Twenty detectors.
Two intelligence layers.
Six statistical detectors learn your baseline. Fourteen rule packs fire from minute one. Every detector runs on every tier.
Statistical detectors
Learn your baseline over seven days, then alert on deviations.
New Error Detection
Catches errors that have never appeared in your 7-day baseline. New means new, not an existing pattern getting noisier.
Silence Detection
Catches services that stop logging when they normally log every N seconds. The most dangerous failure mode: no errors, just absence.
Volume Anomaly
Detects spikes, drops, and flatlines in log volume vs daily and weekly baselines per service.
Log Rate
Detects sustained shifts in overall log throughput. Catches the slow-leak case that volume anomaly misses on short windows.
Golden Signal Monitoring
Latency, traffic, error rate, and saturation thresholds per service. The four signals that matter for any production system.
Multi-dim Outlier
Outliers in log feature space. Catches subtle anomalies that single-axis thresholds miss.
Error intelligence
Identify error messages that haven't been seen before. Cluster the ones that have.
Pattern Clustering
Groups errors with similar templates so many variants of the same problem cluster into one alert.
Semantic Clustering
Errors with different text but the same meaning fold together. "connection refused to database" and "cannot connect to postgres: ECONNREFUSED" become one pattern.
Changepoint Detection
Permanent traffic shifts after a deploy read as a new baseline, not a prolonged anomaly. No false-positive storms after a real product change.
Domain rule packs
Nine curated packs encoding the most common incident patterns. Fire from minute one.
Kubernetes
70+ rules for OOMKilled, CrashLoopBackOff, ImagePullBackOff, FailedScheduling, evictions, probe failures, and more.
AWS
Lambda throttles, RDS connection saturation, SQS queue depth, NLB target health, S3 SlowDown errors, IAM throttling.
Serverless
Cold starts, invocation timeouts, init duration drift, memory exhaustion across Lambda, Cloud Run, Functions.
Database
Connection pool exhaustion, deadlocks, slow queries, replication lag, schema migration errors, transaction aborts.
Dependency
Upstream service failures, circuit breaker trips, retry exhaustion, cascading failures between services.
Web / HTTP
5xx surges, 4xx anomalies, TLS handshake failures, gateway timeouts, slow responses, payload anomalies.
Security
Brute-force auth, privilege escalation, anomalous access patterns, secret-leak signatures in logs.
Search
Slow Elasticsearch / Opensearch queries, index issues, scoring anomalies, cluster yellow/red transitions.
Infrastructure
Disk pressure, memory pressure, swap usage, kernel errors, hardware failure signatures.
SLO & custom
When you need a rule the built-in detectors don't cover.
SLO Burn Rate
Error budget burn-rate alerts with short + long window confirmation. Warned before the SLO breaches, not after.
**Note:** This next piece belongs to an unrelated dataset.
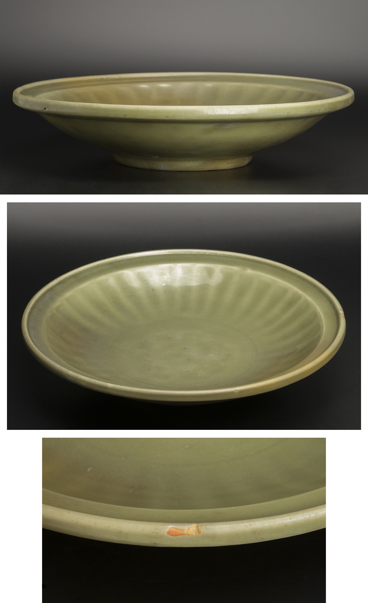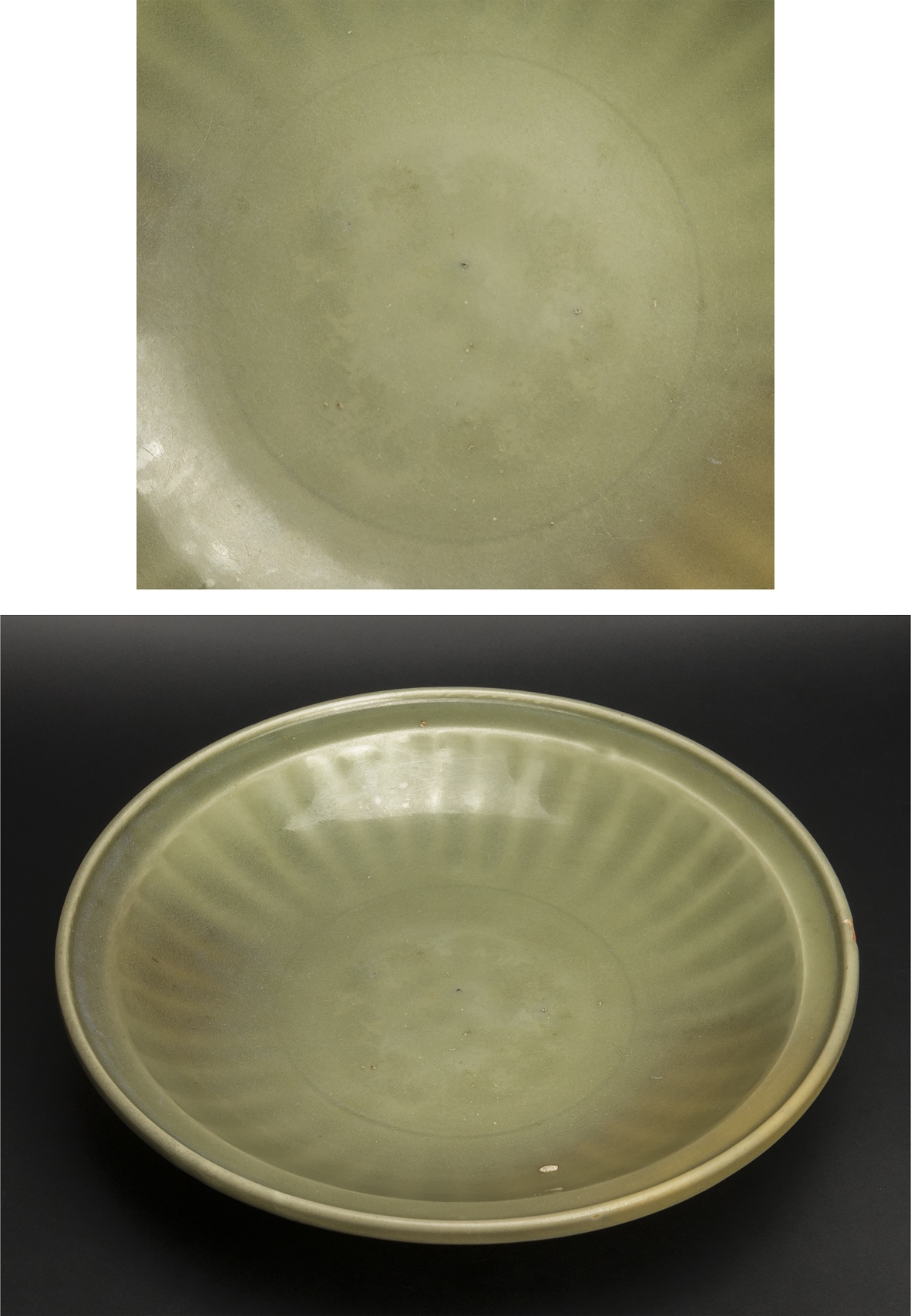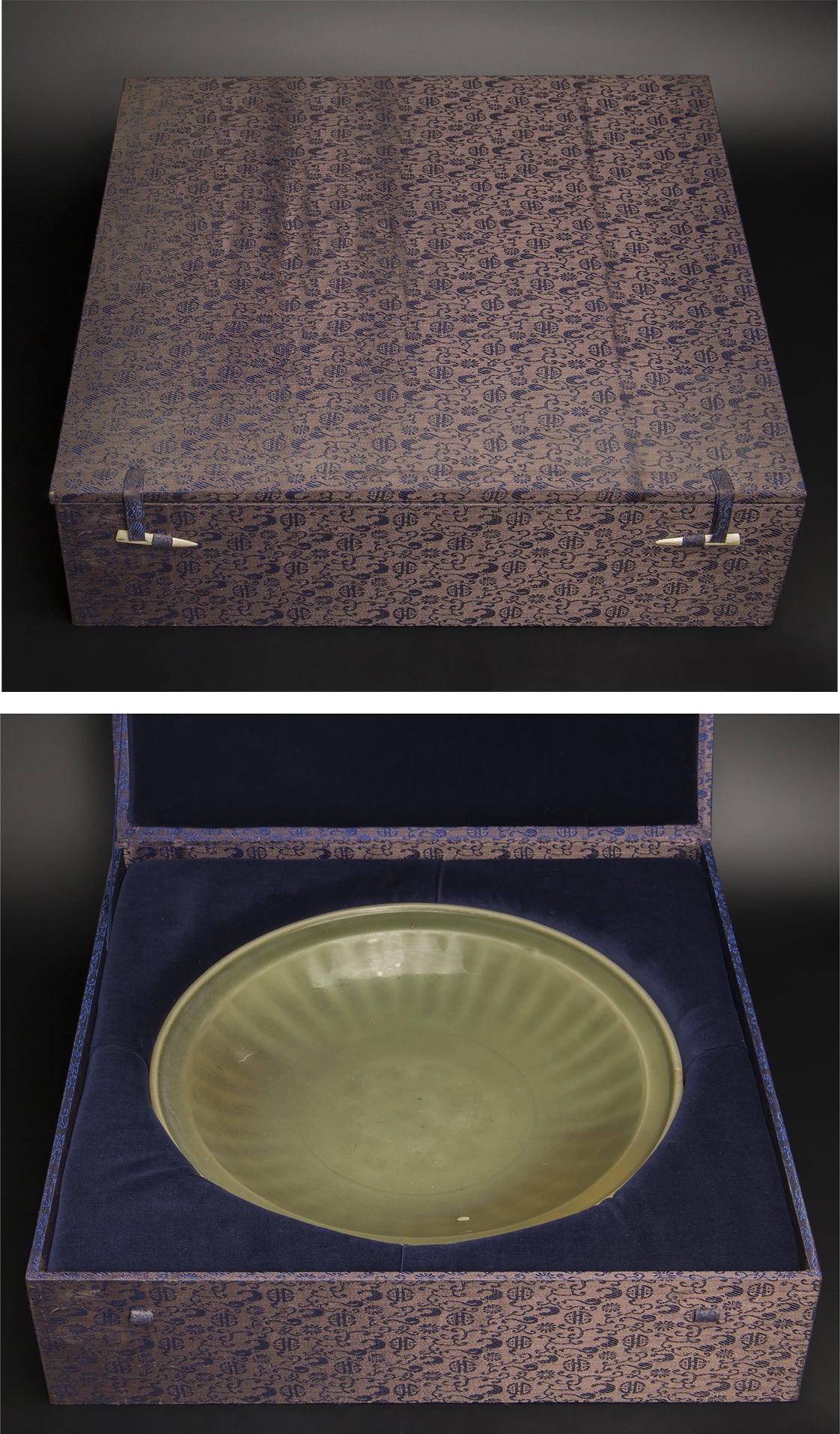明 龍泉窯 青釉暗刻花卉紋大盤 共箱 中国 古美術

Threshold + Composite Rules
When you need a rule the built-in detectors don't cover. Threshold and composite rules let you write your own — no DSL to learn, just LogsQL.
When the built-in detectors don't cover it.
Two ways to extend: threshold rulesfor "alert when this LogsQL query crosses a number," and composite rulesfor "alert when threshold X AND detector Y are both active." No DSL to learn — just the same LogsQL you use to search.
Fires when a LogsQL query crosses a number.
Same query language as search. Window, condition, severity, and routing are all explicit. Hold-down with for_duration_seconds eliminates flapping.
{
"name": "Payment refund burst",
"query": "service:payment AND _msg:refund AND amount > 1000",
"condition_op": "gt",
"condition_value": 5,
"window_seconds": 300,
"severity": "critical",
"for_duration_seconds": 60,
"cooldown_seconds": 600,
"channel_ids": [12, 8]
}- Auth-failed bursts: level:warn AND _msg:"auth failed" > 50 in 1m
- Retry-rate spikes: service:checkout AND _msg:retry > 10× baseline
- Specific value thresholds: latency_ms > 5000 for any service
Fires when two or more signals are simultaneously true.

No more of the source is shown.